Obviously, the Guardians of the Galaxy aren't really new friends. They're not friends at all. I've never met them and they've never met me and they'd probably mug me if they
did meet me but I have at least encountered them before.
However, that was in the pages of a comic, and last night's bank holiday scheduling did give me a chance to see their movie for the first time.
Obviously, I was looking forward to it because I'm that kind of a man but did I enjoy it?
I enjoyed it when there was personal interaction going on. The characters were well-defined and sympathetic, somehow managing to come across as plucky underdogs despite having enough power between them to flatten an army.
I didn't enjoy it anything like as much when there was actual action going on. Not being a fan of space battles, especially CGI ones, I must admit the film lost my attention whenever the lasers started firing.
My other complaint would be that Ronan was a totally undeveloped villain.
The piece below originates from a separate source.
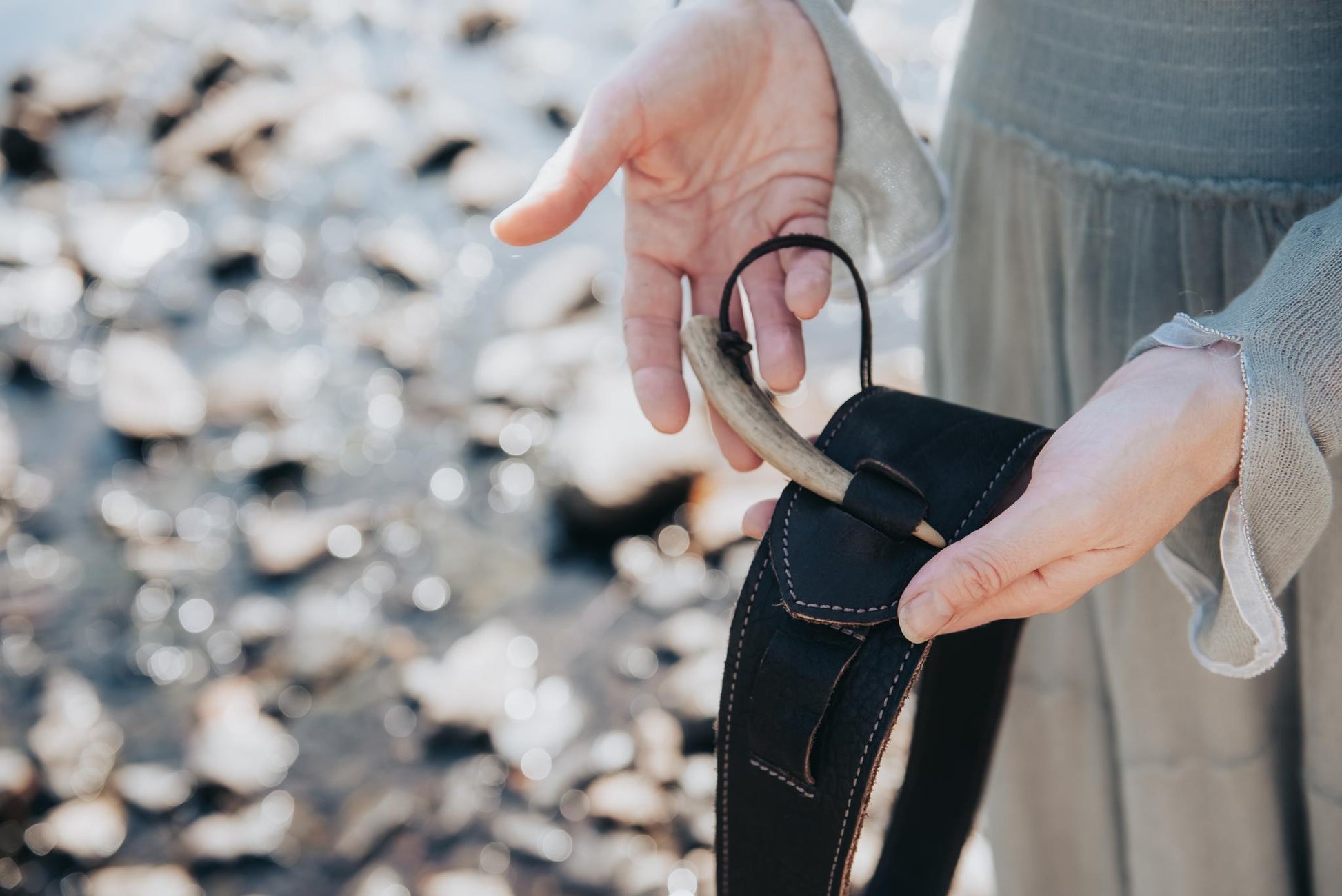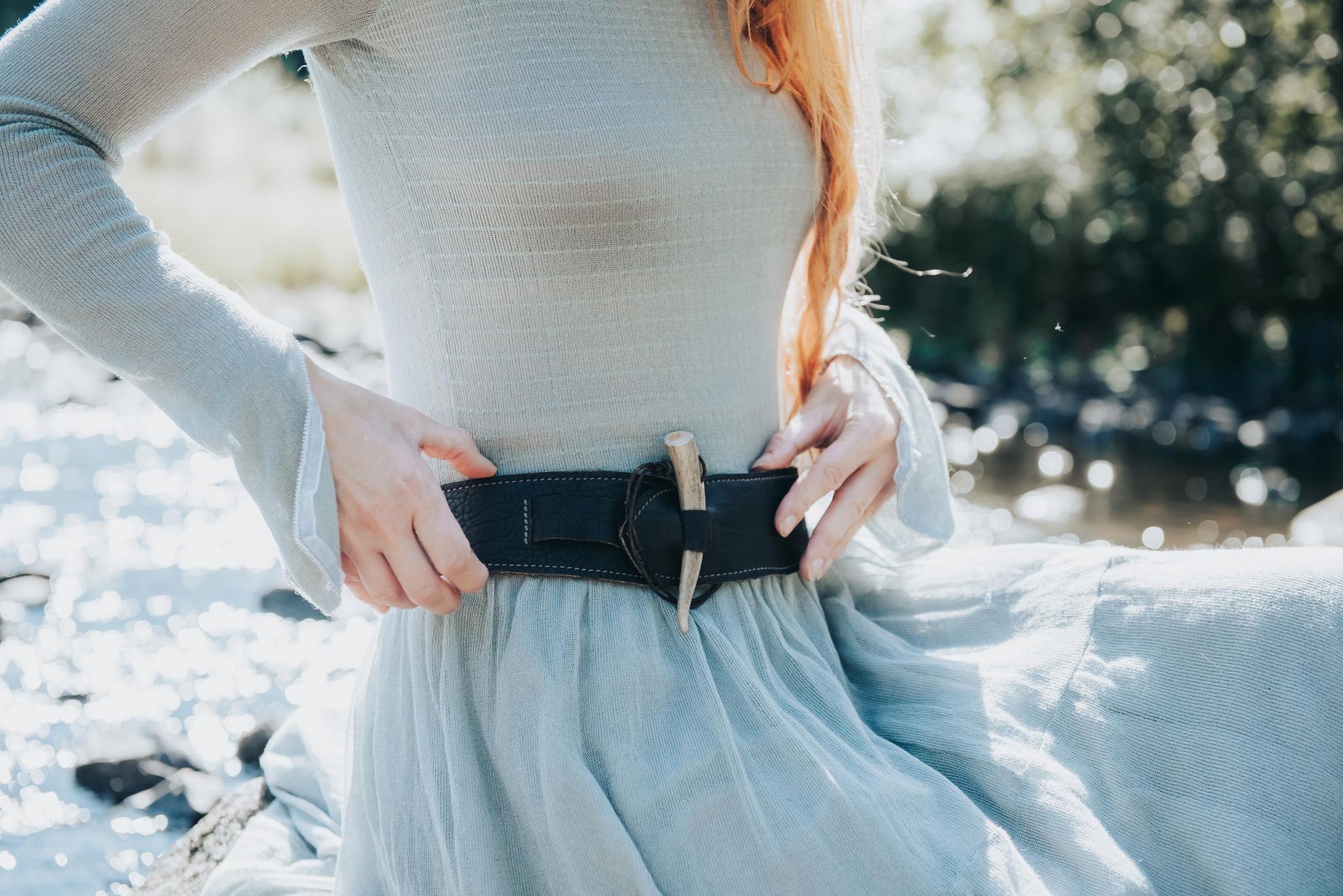 This design evolved after looking for the perfect western hug-your-hips belt, and not being able to find it. Created from bison leather, this slinky belt will accent dresses, sweaters, and jeans. The exclusive deer tine pops into either one or the other cinch to adjust for size and style. We think this is a must have for any wardrobe. Sm/Med ( Fits 30"/33") Med/Large (Fits 34"/37") Large/X-Large (Fits 40"/43") Handling fee applied at checkout.

From what I can remember, we found out nothing about him other than that he wanted to destroy a planet for no reason that I could remember. Also, Thanos and Karen Gillan's Nebula were frustratingly underused. So far, all I've seen Thanos do in Marvel films is sit in a chair. I do hope he manages to escape his chair in future films or the series' climax is going to be a bit dull.
Anyway, I give it seven out of ten. It wasn't a film that blew me away but I'd have no objection to watching it again.